Pierre Hadot. Propos recueillis par Thierry Grillet. Nouvel Observateur du 10.07.2008.
« L’Europe a un lieu de naissance. (…) C’est la nation de la Grèce antique des VIIème et
VIème siècles avant Jésus-Christ. En elle naît une nouvelle sorte d’attitude des individus
à l’égard du monde environnant. Et en conséquence, s’effectue la percée en direction
d’une toute nouvelle sorte de configurations spirituelles qui rapidement s’accroissent
jusqu’à former une figure culturelle systématiquement cohérente ; les Grecs l’ont
nommée philosophie. En son sens originaire, correctement traduit, ce terme ne signifie
rien d’autre que science universelle, science de l’univers, de l’unicité de tout ce qui est.

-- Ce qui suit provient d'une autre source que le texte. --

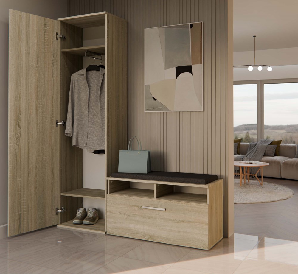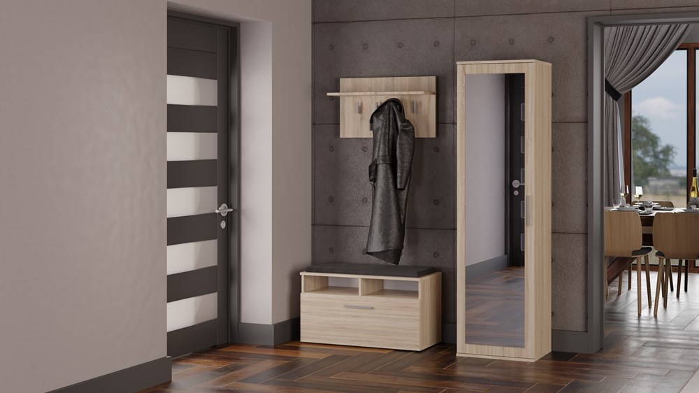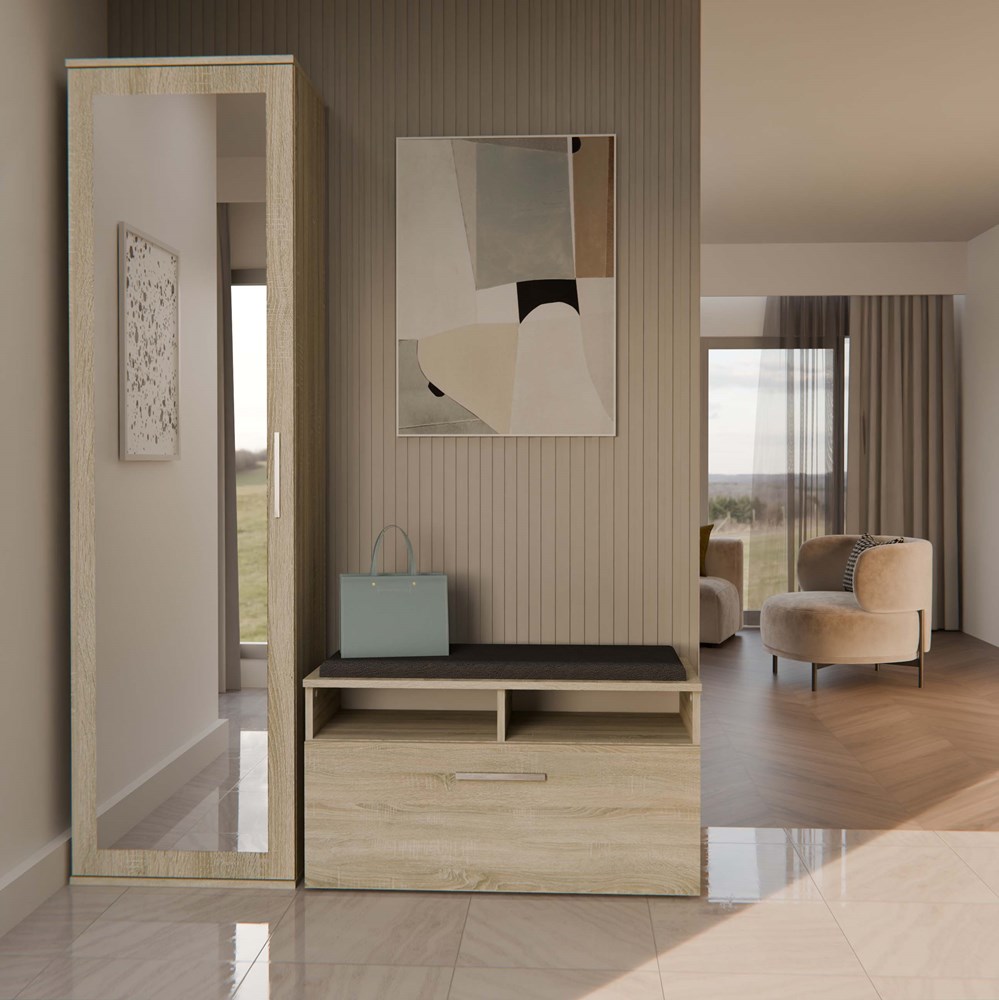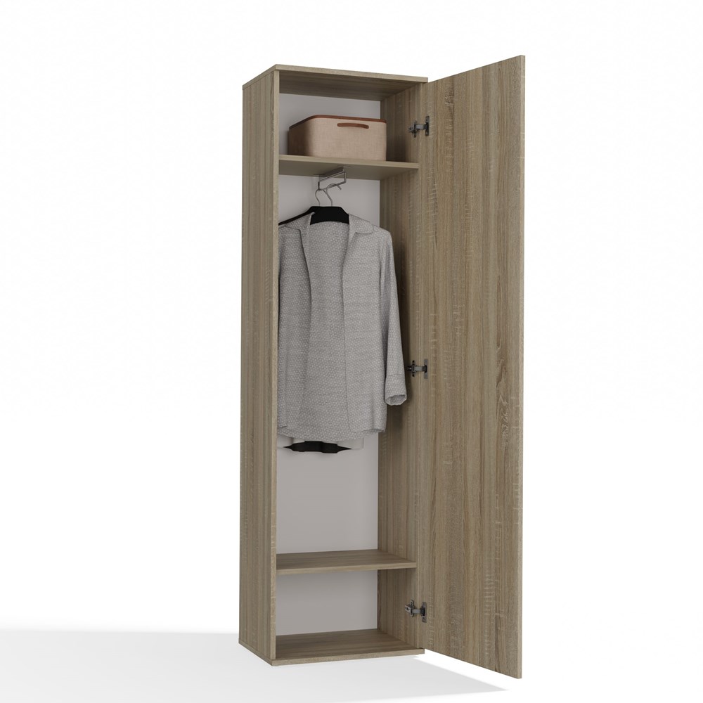Szafa w kolorze dąb sonoma z kolekcji Holmes to doskonała propozycja do pokoju dziennego, ale znajdzie swoje miejsce również w innym pomieszczeniu, jak na przykład - przedpokój czy garderobie, sypialni. Materiał wykonania to płyta laminowana. Szafa posiada półki, drążek na ubrania. Szafa uchylna posiada również lustro, które sprawi, że pomieszczenie stanie się optycznie większe. Mebel będzie świetnym miejscem do wieszania ubrań, na buty lub inne domowe tekstylia. Nowoczesny styl mebli wpadnie do gustu każdemu, kto poszukuje eleganckiego, klasycznego, a zarazem nowoczesnego umeblowania. Idealnie wpasuje się w większość aranżacji. Szafa przeznaczona do samodzielnego montażu.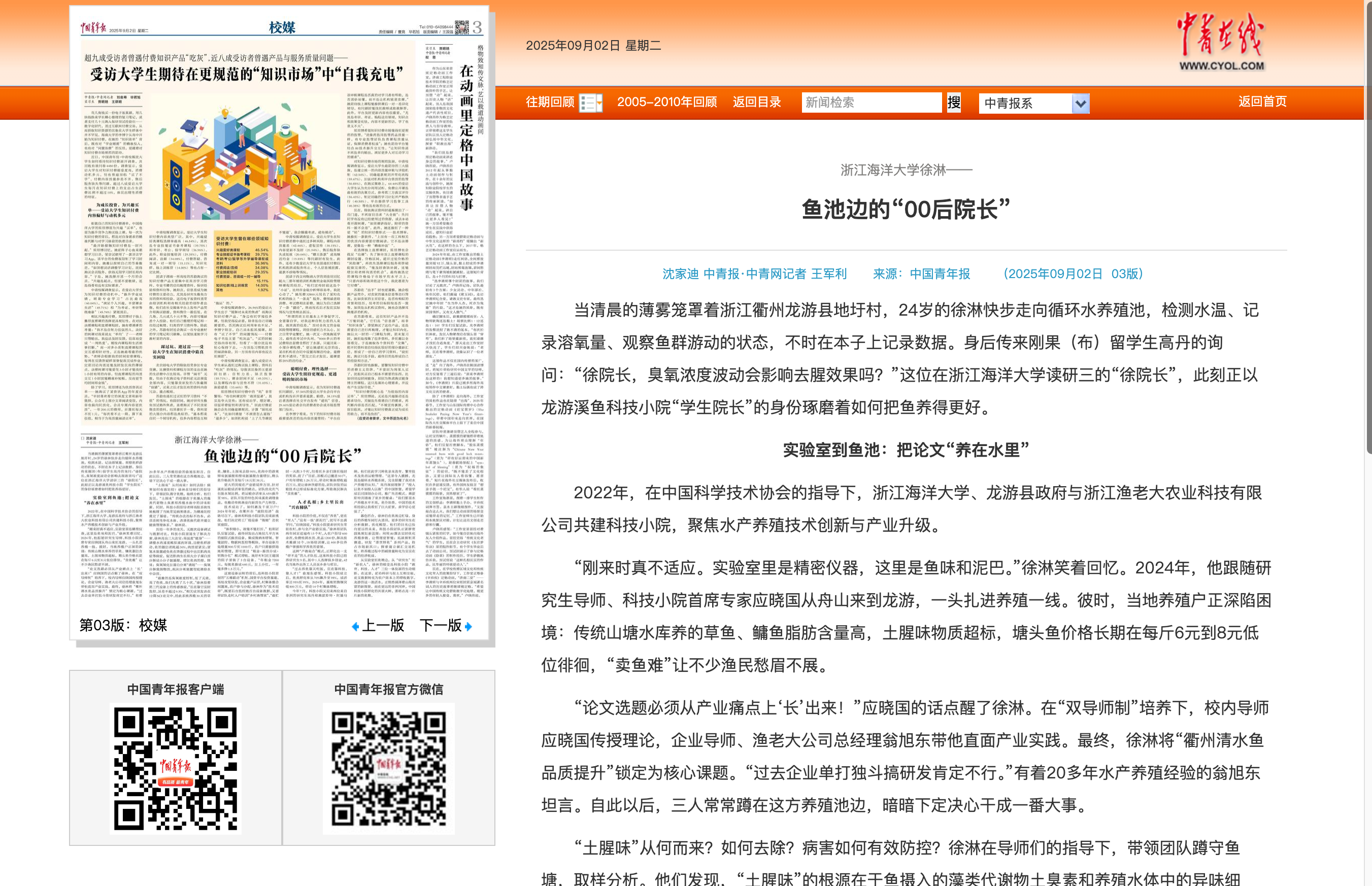 当清晨的薄雾笼罩着浙江衢州龙游县地圩村,24岁的徐淋快步走向循环水养殖池,检测水温、记录溶氧量、观察鱼群游动的状态,不时在本子上记录数据。身后传来刚果(布)留学生高丹的询问:“徐院长,臭氧浓度波动会影响去腥效果吗?”这位在尊龙凯时首页读研三的“徐院长”,此刻正以龙游溪鱼科技小院“学生院长”的身份琢...

(…) Je voudrais ici prévenir l’objection évidente selon laquelle la philosophie, la science
des Grecs, n’aurait pourtant rien d’absolument remarquable et ne les aurait en rien
attendus pour venir au monde. Pourtant, ils parlent eux-mêmes des sages Égyptiens, des
Babyloniens, etc. et, en vérité, ils apprirent aussi beaucoup de ces derniers. Nous
possédons aujourd’hui un flot de travaux sur les philosophies indienne et chinoise etc.,
lesquelles ne sont en rien analogues à la philosophie grecque. Néanmoins, on peut ne
pas vouloir effacer les différences principielles et omettre le plus essentiel. Le mode de
position du but est fondamentalement différent et, par là même, le sens des résultats
l’est aussi de part et d’autre. Seule la philosophie grecque, selon un développement
propre, conduit à la science des théories infinies, dont l’exemple et le modèle dominants
depuis des millénaires a été la géométrie grecque. La mathématique, l’idée de l’infini,
celle des tâches infinies, est une tour de Babel qui, malgré son caractère indéfini, reste
pourtant une tâche pleine de sens in infinitum. Le corrélat d’une telle infinité est
l’homme nouveau, les buts nouveaux de l’homme. »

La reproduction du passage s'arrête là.